Collected data:
* * * * * * * * *
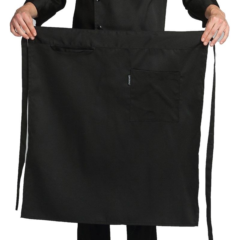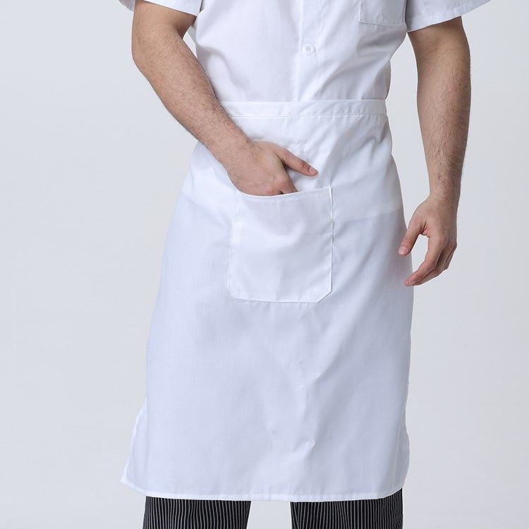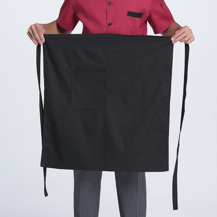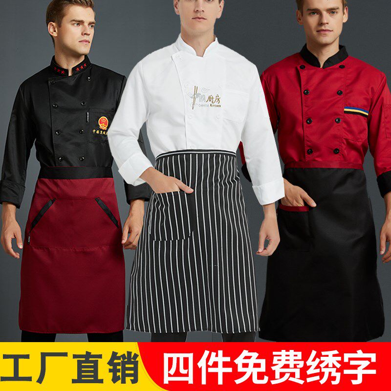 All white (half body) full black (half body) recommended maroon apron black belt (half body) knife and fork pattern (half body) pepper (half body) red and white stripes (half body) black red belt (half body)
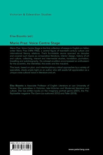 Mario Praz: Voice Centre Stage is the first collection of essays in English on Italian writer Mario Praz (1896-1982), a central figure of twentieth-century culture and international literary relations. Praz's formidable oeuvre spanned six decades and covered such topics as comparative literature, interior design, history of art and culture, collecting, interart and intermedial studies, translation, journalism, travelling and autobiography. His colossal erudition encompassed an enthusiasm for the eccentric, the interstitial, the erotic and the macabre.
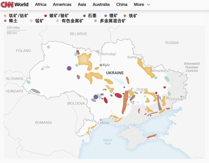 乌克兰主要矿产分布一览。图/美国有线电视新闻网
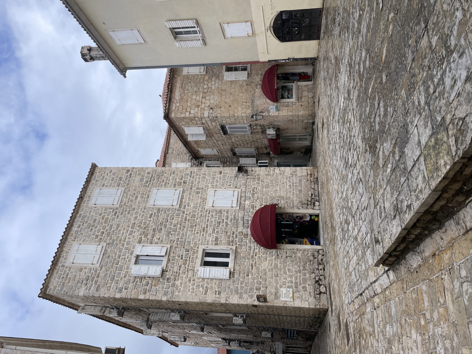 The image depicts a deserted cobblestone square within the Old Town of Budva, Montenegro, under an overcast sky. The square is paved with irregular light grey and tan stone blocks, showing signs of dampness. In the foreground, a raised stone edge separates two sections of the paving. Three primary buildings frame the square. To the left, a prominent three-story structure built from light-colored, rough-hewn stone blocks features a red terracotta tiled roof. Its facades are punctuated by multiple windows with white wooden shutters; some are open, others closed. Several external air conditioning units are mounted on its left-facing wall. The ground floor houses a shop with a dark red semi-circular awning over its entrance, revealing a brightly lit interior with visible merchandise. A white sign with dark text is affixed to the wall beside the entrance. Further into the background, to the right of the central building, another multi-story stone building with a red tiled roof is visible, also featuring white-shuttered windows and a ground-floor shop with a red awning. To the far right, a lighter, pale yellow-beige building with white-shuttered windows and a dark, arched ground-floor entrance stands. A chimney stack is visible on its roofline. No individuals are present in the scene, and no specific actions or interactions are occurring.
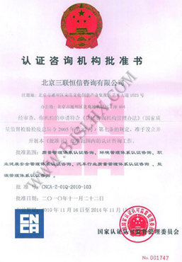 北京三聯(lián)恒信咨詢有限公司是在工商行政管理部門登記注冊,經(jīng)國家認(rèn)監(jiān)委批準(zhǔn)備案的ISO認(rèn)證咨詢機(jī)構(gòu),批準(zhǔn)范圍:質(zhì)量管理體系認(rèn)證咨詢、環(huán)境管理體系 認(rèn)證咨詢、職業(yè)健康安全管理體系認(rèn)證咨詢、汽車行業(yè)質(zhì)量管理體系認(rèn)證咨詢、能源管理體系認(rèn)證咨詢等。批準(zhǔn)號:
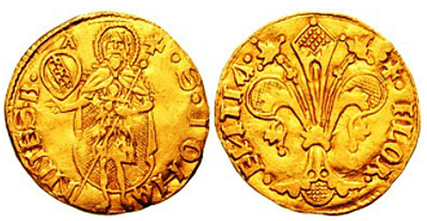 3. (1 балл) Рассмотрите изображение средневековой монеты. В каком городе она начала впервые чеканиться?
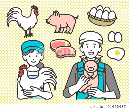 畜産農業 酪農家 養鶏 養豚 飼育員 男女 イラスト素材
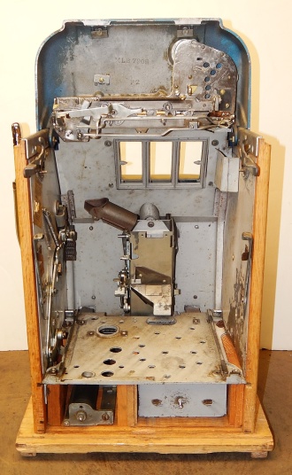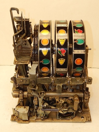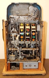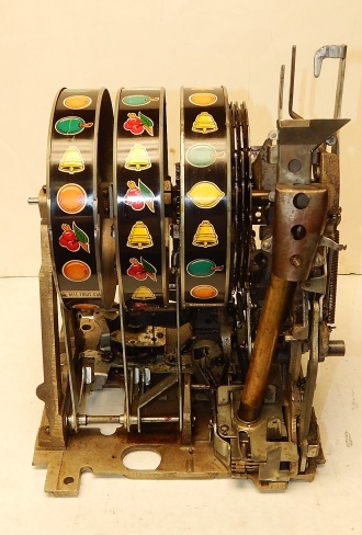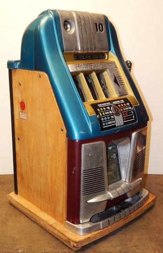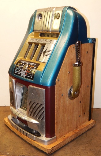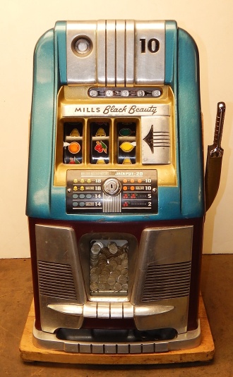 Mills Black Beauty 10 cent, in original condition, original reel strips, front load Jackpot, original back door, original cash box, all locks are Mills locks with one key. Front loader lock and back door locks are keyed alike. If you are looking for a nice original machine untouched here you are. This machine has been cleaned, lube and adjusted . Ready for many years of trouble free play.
* * * * * * * * *
What is expected =
With the images excluded, reproduce the data above precisely as written.

Written answer =
 All white (half body) full black (half body) recommended maroon apron black belt (half body) knife and fork pattern (half body) pepper (half body) red and white stripes (half body) black red belt (half body)
 Mario Praz: Voice Centre Stage is the first collection of essays in English on Italian writer Mario Praz (1896-1982), a central figure of twentieth-century culture and international literary relations. Praz's formidable oeuvre spanned six decades and covered such topics as comparative literature, interior design, history of art and culture, collecting, interart and intermedial studies, translation, journalism, travelling and autobiography. His colossal erudition encompassed an enthusiasm for the eccentric, the interstitial, the erotic and the macabre.
 乌克兰主要矿产分布一览。图/美国有线电视新闻网
 The image depicts a deserted cobblestone square within the Old Town of Budva, Montenegro, under an overcast sky. The square is paved with irregular light grey and tan stone blocks, showing signs of dampness. In the foreground, a raised stone edge separates two sections of the paving. Three primary buildings frame the square. To the left, a prominent three-story structure built from light-colored, rough-hewn stone blocks features a red terracotta tiled roof. Its facades are punctuated by multiple windows with white wooden shutters; some are open, others closed. Several external air conditioning units are mounted on its left-facing wall. The ground floor houses a shop with a dark red semi-circular awning over its entrance, revealing a brightly lit interior with visible merchandise. A white sign with dark text is affixed to the wall beside the entrance. Further into the background, to the right of the central building, another multi-story stone building with a red tiled roof is visible, also featuring white-shuttered windows and a ground-floor shop with a red awning. To the far right, a lighter, pale yellow-beige building with white-shuttered windows and a dark, arched ground-floor entrance stands. A chimney stack is visible on its roofline. No individuals are present in the scene, and no specific actions or interactions are occurring.
 北京三聯(lián)恒信咨詢有限公司是在工商行政管理部門登記注冊,經(jīng)國家認(rèn)監(jiān)委批準(zhǔn)備案的ISO認(rèn)證咨詢機(jī)構(gòu),批準(zhǔn)范圍:質(zhì)量管理體系認(rèn)證咨詢、環(huán)境管理體系 認(rèn)證咨詢、職業(yè)健康安全管理體系認(rèn)證咨詢、汽車行業(yè)質(zhì)量管理體系認(rèn)證咨詢、能源管理體系認(rèn)證咨詢等。批準(zhǔn)號:
 3. (1 балл) Рассмотрите изображение средневековой монеты. В каком городе она начала впервые чеканиться?
 畜産農業 酪農家 養鶏 養豚 飼育員 男女 イラスト素材
 Mills Black Beauty 10 cent, in original condition, original reel strips, front load Jackpot, original back door, original cash box, all locks are Mills locks with one key. Front loader lock and back door locks are keyed alike. If you are looking for a nice original machine untouched here you are. This machine has been cleaned, lube and adjusted . Ready for many years of trouble free play.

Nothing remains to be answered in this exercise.